◆ **WORK REQUEST**:
What is needed is an exact copy of the lines in the entries below from the one holding "This photo supplied" through the one holding "Add a touch", pictures excluded.

(Saved entries)
»»

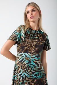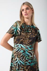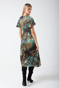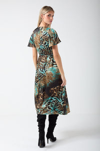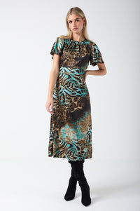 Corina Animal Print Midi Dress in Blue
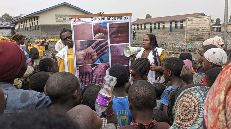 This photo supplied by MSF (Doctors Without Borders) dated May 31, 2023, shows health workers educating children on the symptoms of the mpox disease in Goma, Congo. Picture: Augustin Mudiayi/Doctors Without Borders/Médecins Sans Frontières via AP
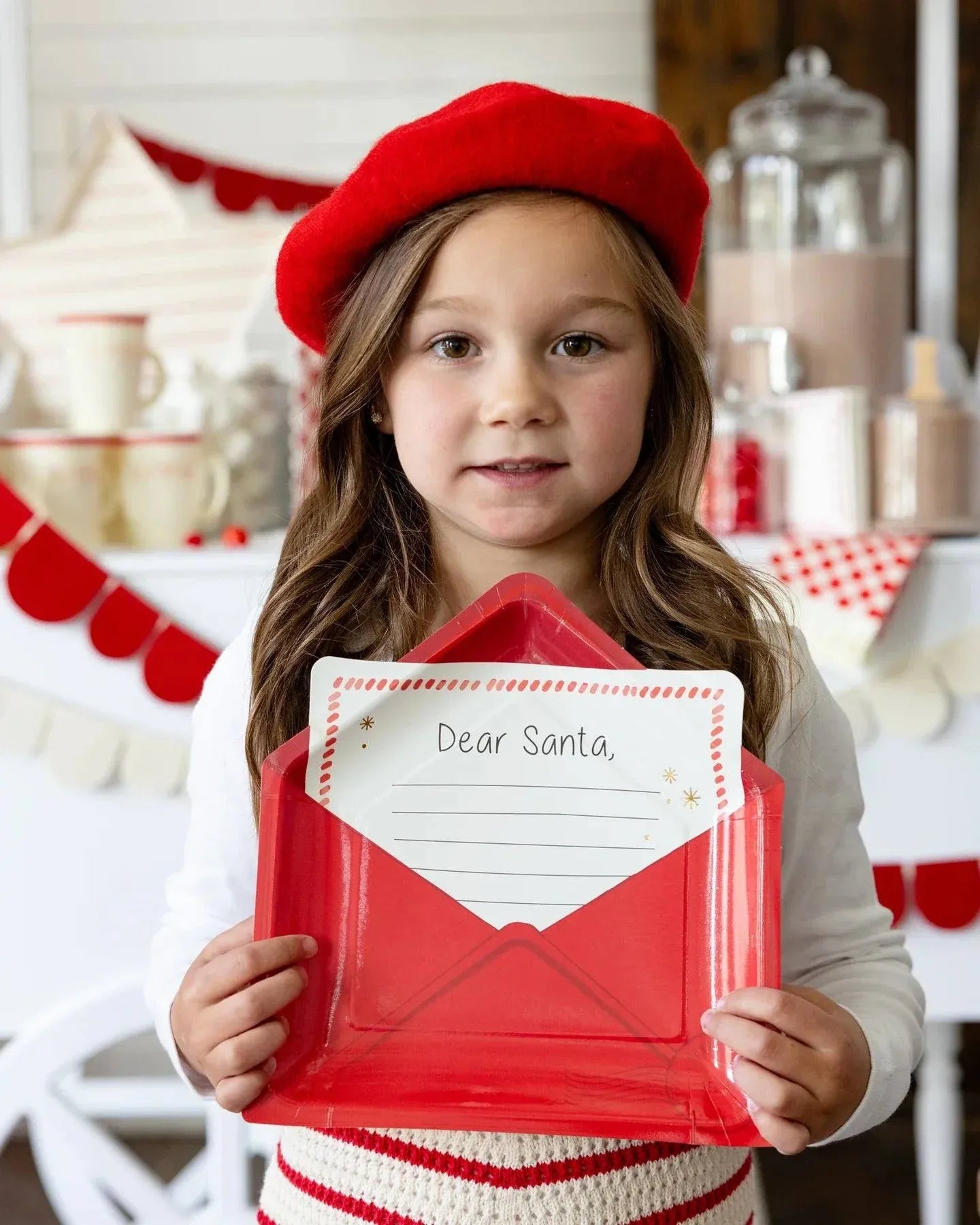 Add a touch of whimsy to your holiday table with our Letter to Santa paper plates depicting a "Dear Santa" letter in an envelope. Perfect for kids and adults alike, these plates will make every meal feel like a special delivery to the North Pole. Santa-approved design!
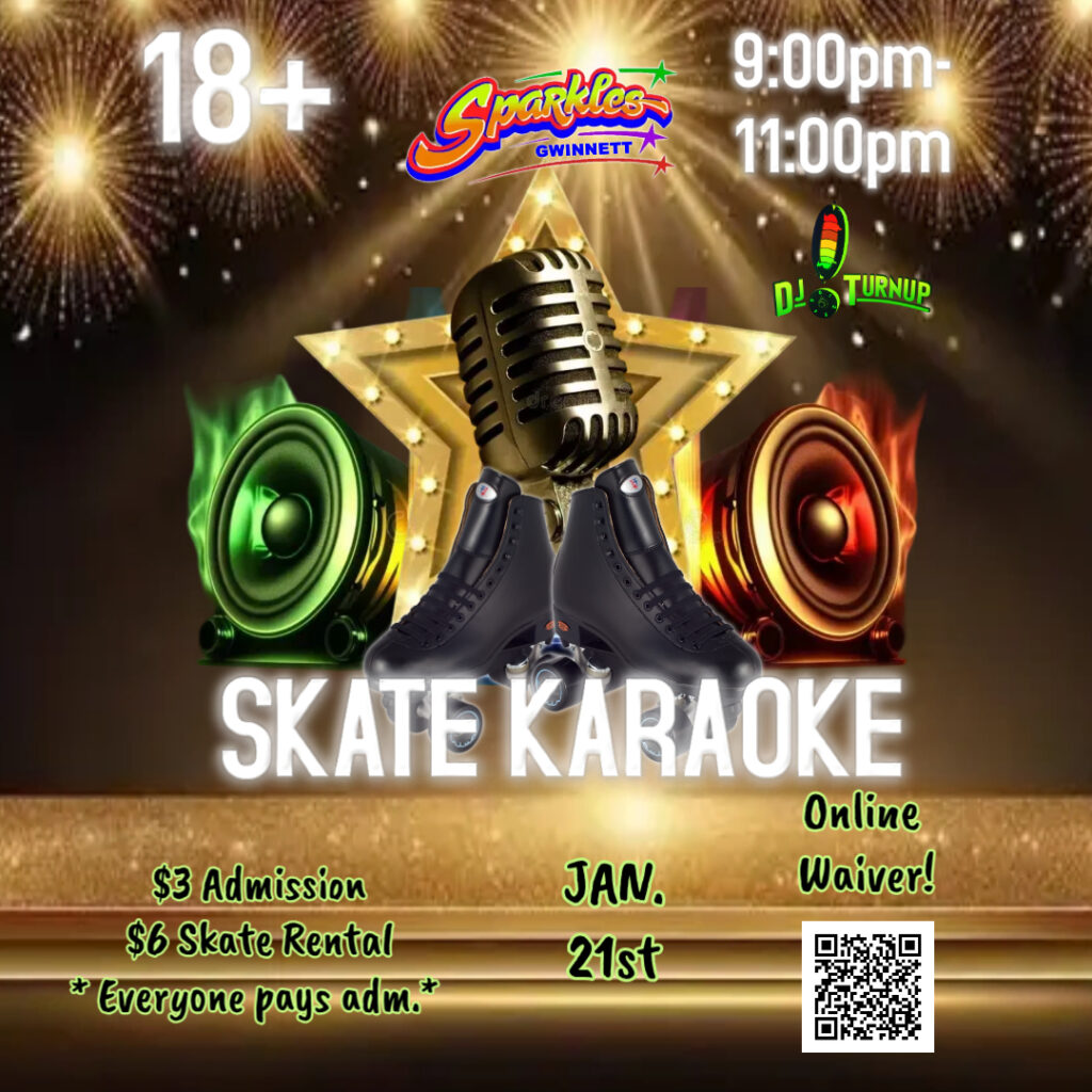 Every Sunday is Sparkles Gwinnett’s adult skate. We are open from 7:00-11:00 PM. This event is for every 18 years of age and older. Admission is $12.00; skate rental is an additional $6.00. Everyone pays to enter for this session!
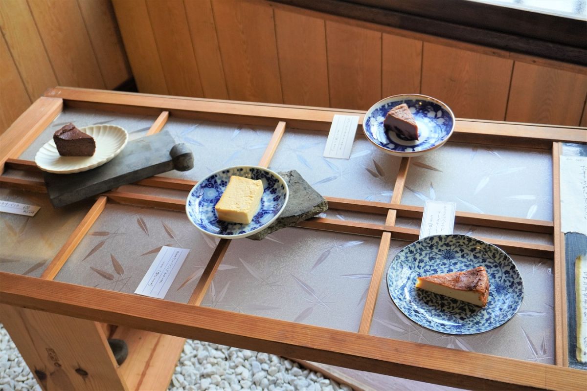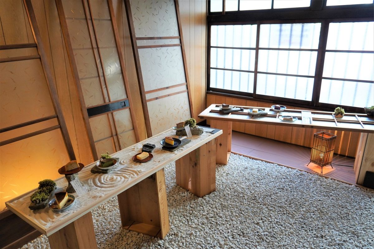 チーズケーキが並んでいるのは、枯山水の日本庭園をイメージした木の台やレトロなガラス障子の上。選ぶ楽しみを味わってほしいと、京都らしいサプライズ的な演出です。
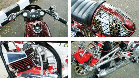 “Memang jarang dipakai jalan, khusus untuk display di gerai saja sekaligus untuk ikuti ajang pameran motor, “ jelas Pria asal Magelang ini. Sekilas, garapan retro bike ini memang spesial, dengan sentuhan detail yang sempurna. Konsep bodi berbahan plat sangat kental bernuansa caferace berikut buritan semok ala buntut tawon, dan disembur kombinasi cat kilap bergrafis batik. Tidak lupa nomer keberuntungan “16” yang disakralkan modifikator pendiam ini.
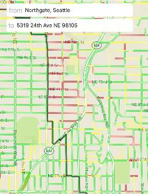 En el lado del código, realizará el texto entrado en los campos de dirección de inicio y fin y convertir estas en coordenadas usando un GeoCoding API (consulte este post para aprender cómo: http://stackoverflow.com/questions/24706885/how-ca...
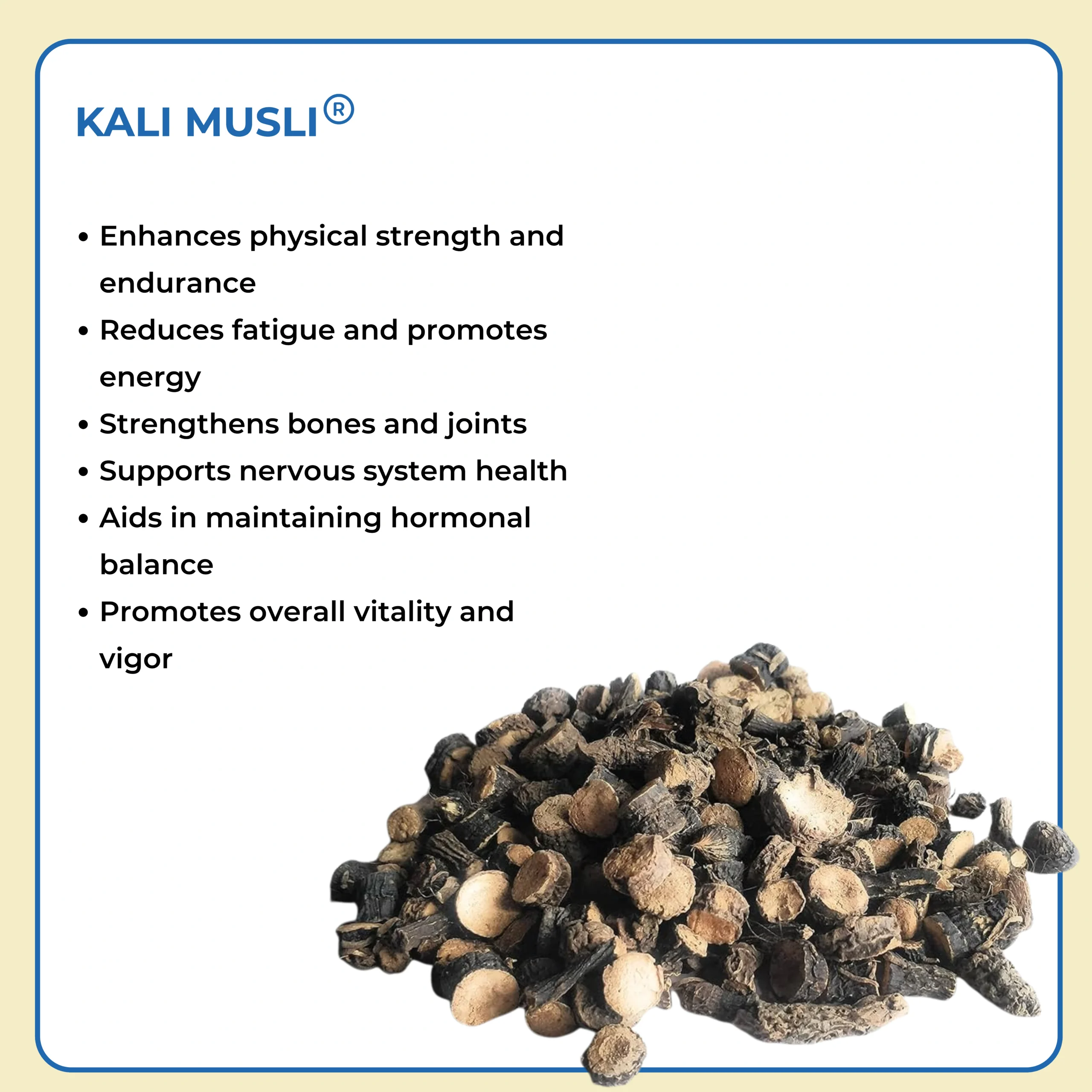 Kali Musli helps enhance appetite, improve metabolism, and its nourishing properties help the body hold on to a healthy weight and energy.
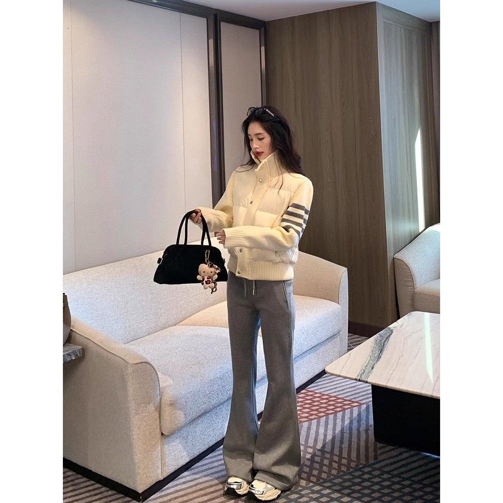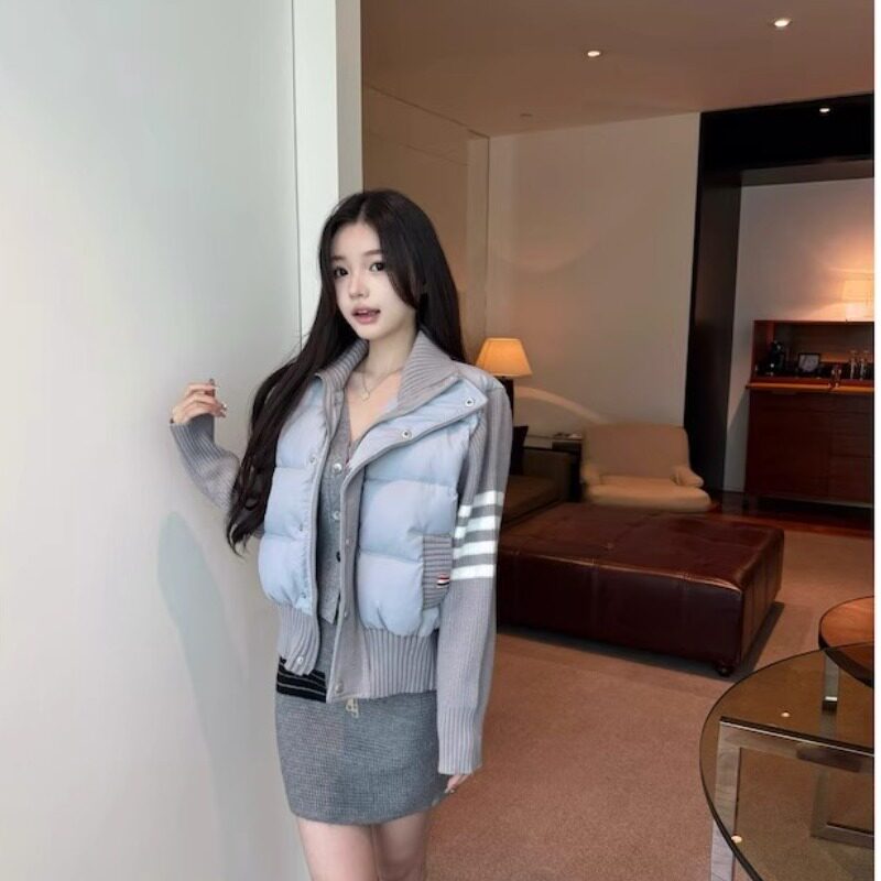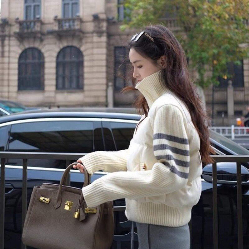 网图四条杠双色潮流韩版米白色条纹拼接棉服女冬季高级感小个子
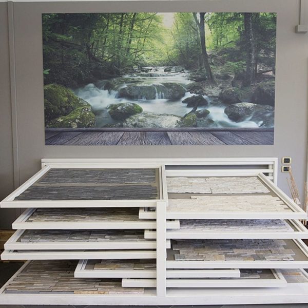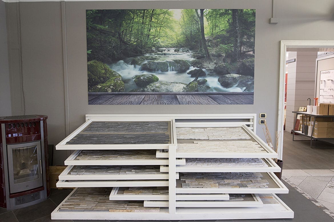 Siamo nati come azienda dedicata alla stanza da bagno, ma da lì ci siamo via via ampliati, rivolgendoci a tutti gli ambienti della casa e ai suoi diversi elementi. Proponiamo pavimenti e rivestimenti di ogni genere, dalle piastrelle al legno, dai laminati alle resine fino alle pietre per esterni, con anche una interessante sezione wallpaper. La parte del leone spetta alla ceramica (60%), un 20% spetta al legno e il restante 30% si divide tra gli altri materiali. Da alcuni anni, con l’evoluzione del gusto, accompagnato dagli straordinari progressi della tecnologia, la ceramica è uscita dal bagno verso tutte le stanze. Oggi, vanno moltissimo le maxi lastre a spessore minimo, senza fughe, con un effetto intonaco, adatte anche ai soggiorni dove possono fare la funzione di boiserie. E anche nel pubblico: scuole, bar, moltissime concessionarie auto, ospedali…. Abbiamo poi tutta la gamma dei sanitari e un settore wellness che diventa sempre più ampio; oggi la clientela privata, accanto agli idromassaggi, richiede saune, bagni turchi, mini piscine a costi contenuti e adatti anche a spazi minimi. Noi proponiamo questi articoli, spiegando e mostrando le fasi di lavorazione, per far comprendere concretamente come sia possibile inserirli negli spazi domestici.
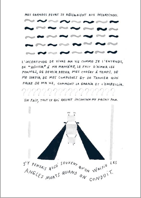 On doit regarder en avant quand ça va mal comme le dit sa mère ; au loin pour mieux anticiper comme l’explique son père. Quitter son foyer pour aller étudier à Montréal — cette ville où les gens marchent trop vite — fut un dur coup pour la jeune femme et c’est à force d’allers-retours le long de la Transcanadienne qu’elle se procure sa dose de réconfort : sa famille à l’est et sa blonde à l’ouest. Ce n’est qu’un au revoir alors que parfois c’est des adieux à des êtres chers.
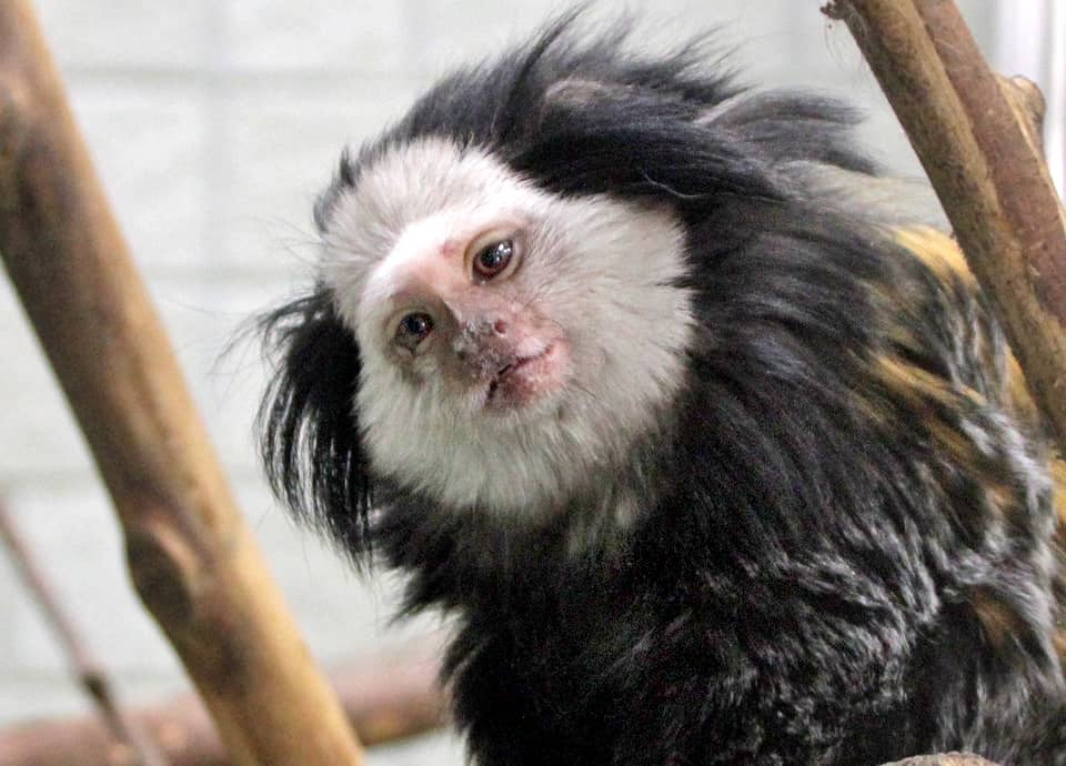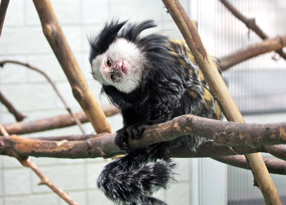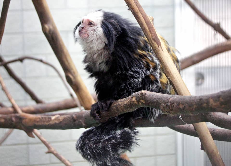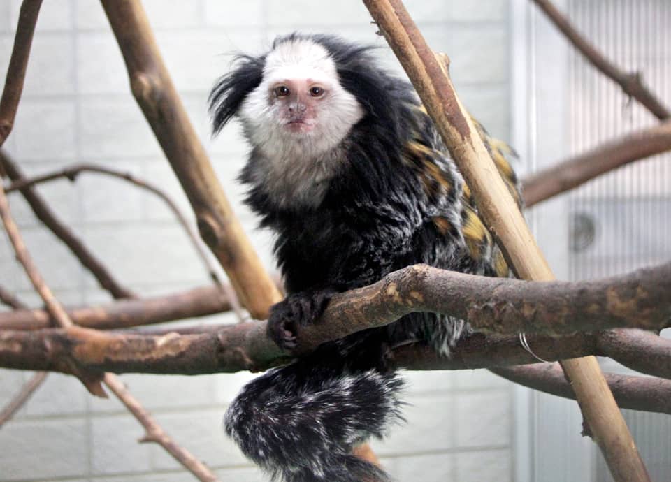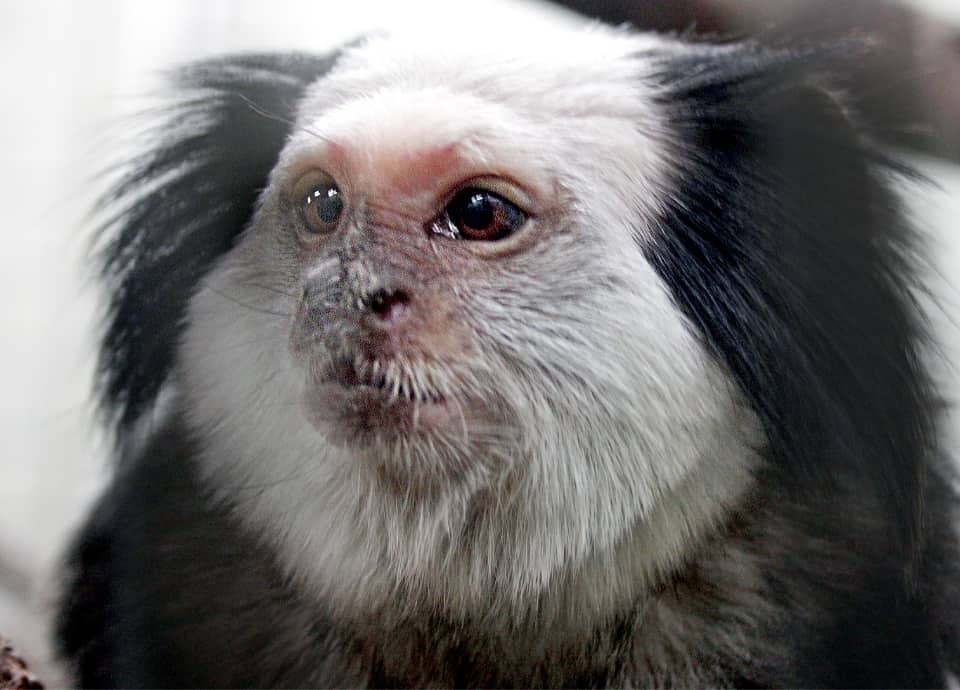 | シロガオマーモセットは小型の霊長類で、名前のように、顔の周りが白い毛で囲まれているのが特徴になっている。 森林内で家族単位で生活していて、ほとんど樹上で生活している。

««

◆ **TASK ANSWER**:
 This photo supplied by MSF (Doctors Without Borders) dated May 31, 2023, shows health workers educating children on the symptoms of the mpox disease in Goma, Congo. Picture: Augustin Mudiayi/Doctors Without Borders/Médecins Sans Frontières via AP
 Add a touch of whimsy to your holiday table with our Letter to Santa paper plates depicting a "Dear Santa" letter in an envelope. Perfect for kids and adults alike, these plates will make every meal feel like a special delivery to the North Pole. Santa-approved design!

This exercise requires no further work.